[PROBLEM REQUIREMENTS]:
With pictures excluded, copy word for word the lines in the data below from the line containing "Syble Hopp students" through the line containing "Seed mottling from virus".

[Extracted records]:
# # # # # # #

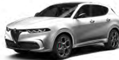
Banchise White with Black Roof 222/C
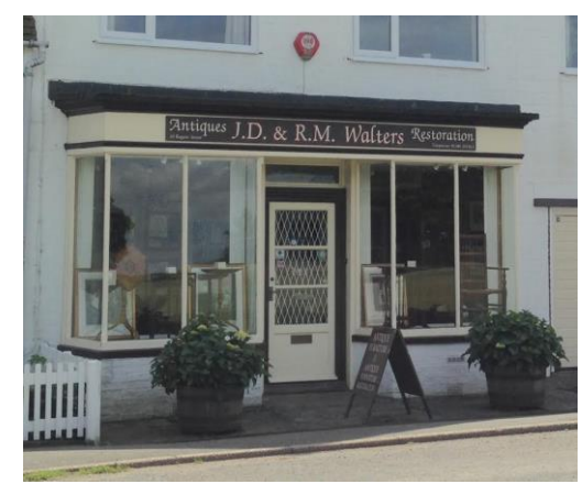
10) JD and RM Walters Antiques and Restoration
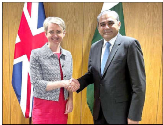
LONDON: Federal Minister for Interior Mohsin Naqvi shaking hands with British Home Secretary Yvette Cooper in London.

ISLAMABAD (APP): The Islamabad High Court (IHC) on Tuesday summoned secretaries of interior and defense, IGP ICT and DG FIA in person on non-compliance of orders to recover two missing brothers. The court also summoned Attorney General Pakistan (AGP) for assistance in the same case on August 15. The bench asked the respondents to clarify that why a contempt of court proceeding shouldn't be initiated against them for non-compliance of orders.
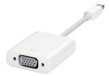
Apple HDMI/VGA connector

* Connecting a device via MAC requires using the HDMI/ VGA connector located in the front of the classroom, along with bringing your own Apple HDMI/VGA connector. *
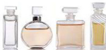
Fancy Perfume Bottle
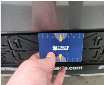
Bumper Rear // Painting-scratch
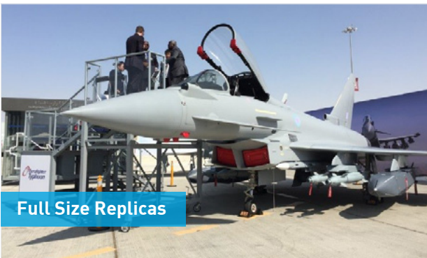
Full Size Replicas

Working under licence from Martin Baker, EDM supplies replica Ejection Seats for a variety of training environments. The seats can be manufactured to various levels of functionality and fidelity, ranging from full fidelity Maintenance Trainers to partially functional seats for simulators. Our G-Seats are designed to enhance standard flight simulator seats and contain numerous dynamic modules to give the pilot real-time motion cues.
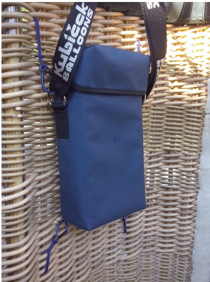
Installation of Storage Bag to Basket Wall

Store the accumulator in the bag, and put the light with the cable on top. Attach the cable loop carabiner to a nearby rope handle. The cable must be free of knots and entanglement so that the lights can be easily dropped down from the basket.
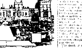
The Royal Palace in London, the residence of the British monarch.

The Queen's death has been met with a sense of profound grief throughout the British Empire. Her reign was a period of unparalleled stability and growth for the United Kingdom.
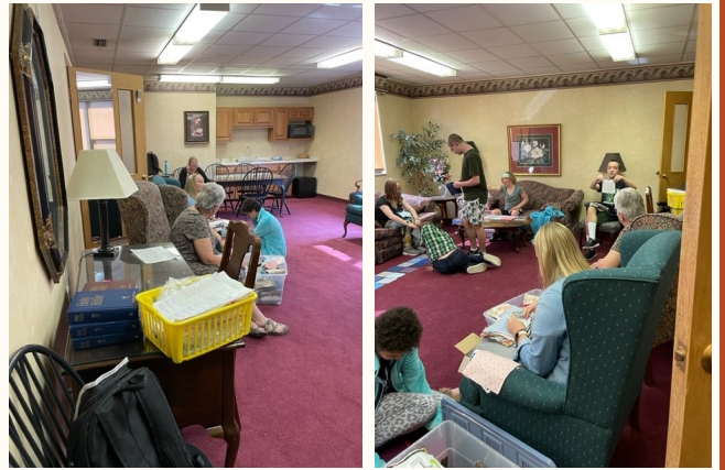
Syble Hopp students who helped with quilting during the 2021-2022 school year.
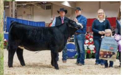
RPCC BLK Elsa 234E - Dam
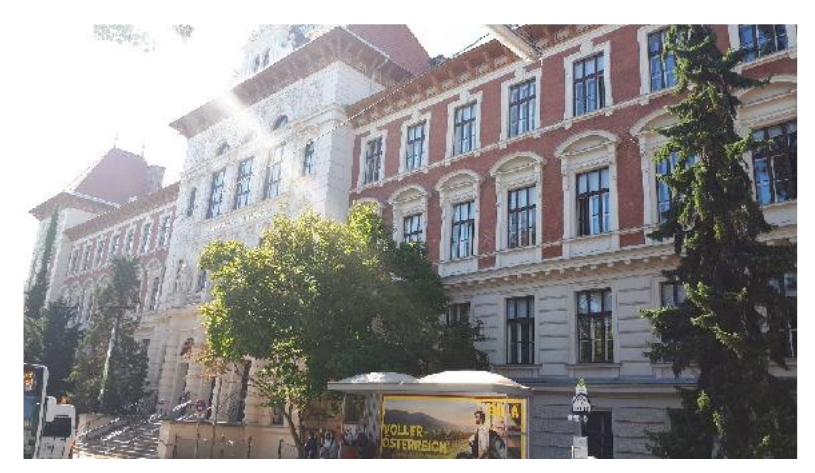
BOKU University building

Amazing city of Vienna made a huge impression on me. Everything is very organised and people are very nice. I would definitely go back to work on managing some communal system in Vienna. I made a lot of friends in Vienna and I'm hoping to stay in touch with them and see them again some day.
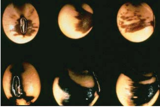
Seed mottling from virus
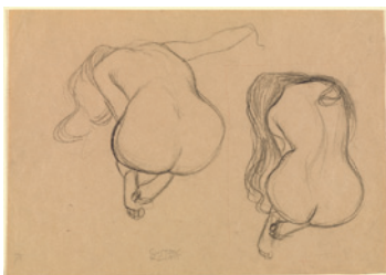
9. Gustav Klimt Austrian, 1862–1918 Two Studies of a Seated Nude with Long Hair, about 1901–1902 Black chalk and red pencil 31.7 x 45.2 cm (12 1/2 x 17 13/16 in.) The J. Paul Getty Museum, Los Angeles 2009.57.2

# # # # # # #

[ANSWER SPACE]:
Syble Hopp students who helped with quilting during the 2021-2022 school year.
RPCC BLK Elsa 234E - Dam
BOKU University building

Amazing city of Vienna made a huge impression on me. Everything is very organised and people are very nice. I would definitely go back to work on managing some communal system in Vienna. I made a lot of friends in Vienna and I'm hoping to stay in touch with them and see them again some day.
Seed mottling from virus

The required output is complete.